The answer is to pad the shorter instances to the length of the longest instance, thus making them all the same length! We'll pad with the 0 character -- this is why we set the padding character to have a 0 index in the word to index dictionary. Keras will automatically figure out that these 0's are padding, and not take them into account when doing model computations (this is called masking).

It's common to also truncate sequences. For example, say that the average length of our questions is 10 words, but there's one outlier with 900 words. Padding all of the other questions to 900 words would be a huge waste of space, when we could simply truncate that one outlier with 900 words to 10 words. Thus, we'll set a max length of 100 words; if a question is less than 100 words, it'll be padded up, and if it's longer it'll be truncated.

Note that since the two questions are actually separate inputs to the model, as you'll see later, their max length could be set to different values if you wanted. This is useful if you're comparing, say, a question and a document -- you'd expect the question to be much shorter than the document, and adjust your lengths accordingly.



In [4]:

    
maxlen = 100
max_training_instances=10000



In [5]:

    
# It takes a long time to train on all 400,000 samples on CPU (5 hours/epoch) --- let's cut it down to 
# max_training_instances size. The dataset itself is a bit unbalanced, around 67% non-duplicate 
# / 33% duplicate. We can use this opportunity to make it more balanced as well.
indices_with_0 = [index for index,value in enumerate(labels_list) if value==0]
indices_with_1 = [index for index,value in enumerate(labels_list) if value==1]

reduced_indexed_question_1s = []
reduced_indexed_question_2s = []
reduced_labels_list = []

for i in range(max_training_instances):
    # if i is even (~50%), pull something from indices_with_0 and add it to 
    # the truncated dataset. Else, pull something from indices_with_1 and 
    # add it to the truncatd dataset. If any of the list of indices are empty,
    # use the other one.
    # TODO: I'm pretty sure this if can be refactored, but it's late and I can't think
    # right now.
    if i % 2 == 0:
        if indices_with_0:
            index = indices_with_0.pop()
        else:
            index = indices_with_1.pop()
    else:
        if indices_with_1:
            index = indices_with_1.pop()
        else:
            index = indices_with_0.pop()
    reduced_indexed_question_1s.append(indexed_question_1s[index])
    reduced_indexed_question_2s.append(indexed_question_2s[index])
    reduced_labels_list.append(labels_list[index])



In [6]:

    
print(len(reduced_indexed_question_1s))
print(len(reduced_indexed_question_2s))
print(len(reduced_labels_list))



In [7]:

    
# Now we want to pad / truncate our instances to a max length.
# Keras has a handy function to do this, but it isn't hard to implement yourself as well.
padded_question_1s = sequence.pad_sequences(reduced_indexed_question_1s, maxlen=maxlen)
padded_question_2s = sequence.pad_sequences(reduced_indexed_question_2s, maxlen=maxlen)

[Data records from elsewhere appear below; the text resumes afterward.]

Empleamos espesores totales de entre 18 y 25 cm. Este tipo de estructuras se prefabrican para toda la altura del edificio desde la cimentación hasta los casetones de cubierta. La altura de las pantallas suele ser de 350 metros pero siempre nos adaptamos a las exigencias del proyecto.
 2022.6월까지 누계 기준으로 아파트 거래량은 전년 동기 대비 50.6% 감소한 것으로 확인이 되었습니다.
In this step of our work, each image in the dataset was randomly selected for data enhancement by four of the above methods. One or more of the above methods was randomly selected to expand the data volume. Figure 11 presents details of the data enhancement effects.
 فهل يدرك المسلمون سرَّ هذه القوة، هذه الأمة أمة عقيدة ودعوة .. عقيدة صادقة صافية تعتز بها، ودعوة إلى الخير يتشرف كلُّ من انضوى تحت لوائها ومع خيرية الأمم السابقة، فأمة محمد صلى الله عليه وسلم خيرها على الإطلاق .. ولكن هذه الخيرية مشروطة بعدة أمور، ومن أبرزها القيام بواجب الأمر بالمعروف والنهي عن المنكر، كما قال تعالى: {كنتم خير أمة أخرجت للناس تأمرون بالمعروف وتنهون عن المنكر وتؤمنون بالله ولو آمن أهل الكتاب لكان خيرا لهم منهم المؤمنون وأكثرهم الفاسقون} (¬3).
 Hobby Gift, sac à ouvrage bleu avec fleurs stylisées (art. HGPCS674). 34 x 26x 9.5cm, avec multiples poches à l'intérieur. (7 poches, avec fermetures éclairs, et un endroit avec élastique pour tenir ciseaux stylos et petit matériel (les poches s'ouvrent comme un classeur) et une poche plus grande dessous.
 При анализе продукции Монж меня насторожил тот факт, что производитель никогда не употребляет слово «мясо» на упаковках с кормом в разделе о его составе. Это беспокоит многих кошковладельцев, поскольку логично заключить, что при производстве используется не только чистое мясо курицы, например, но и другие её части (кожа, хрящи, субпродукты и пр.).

padded_question_1s_shape = padded_question_1s.shape
padded_question_2s_shape = padded_question_2s.shape

# We also want to convert our list of labels to a numpy array for use in the model.
labels = np.array(reduced_labels_list)

Let's inspect the shapes of our padded questions.



In [8]:

    
print("padded_question_1s_shape: {}".format(padded_question_1s_shape))
print("padded_question_2s_shape: {}".format(padded_question_1s_shape))
print("labels shape: {}".format(labels.shape))









    



padded_question_1s_shape: (10000, 100)
padded_question_2s_shape: (10000, 100)
labels shape: (10000,)

Great, each of our questions is now of length maxlen.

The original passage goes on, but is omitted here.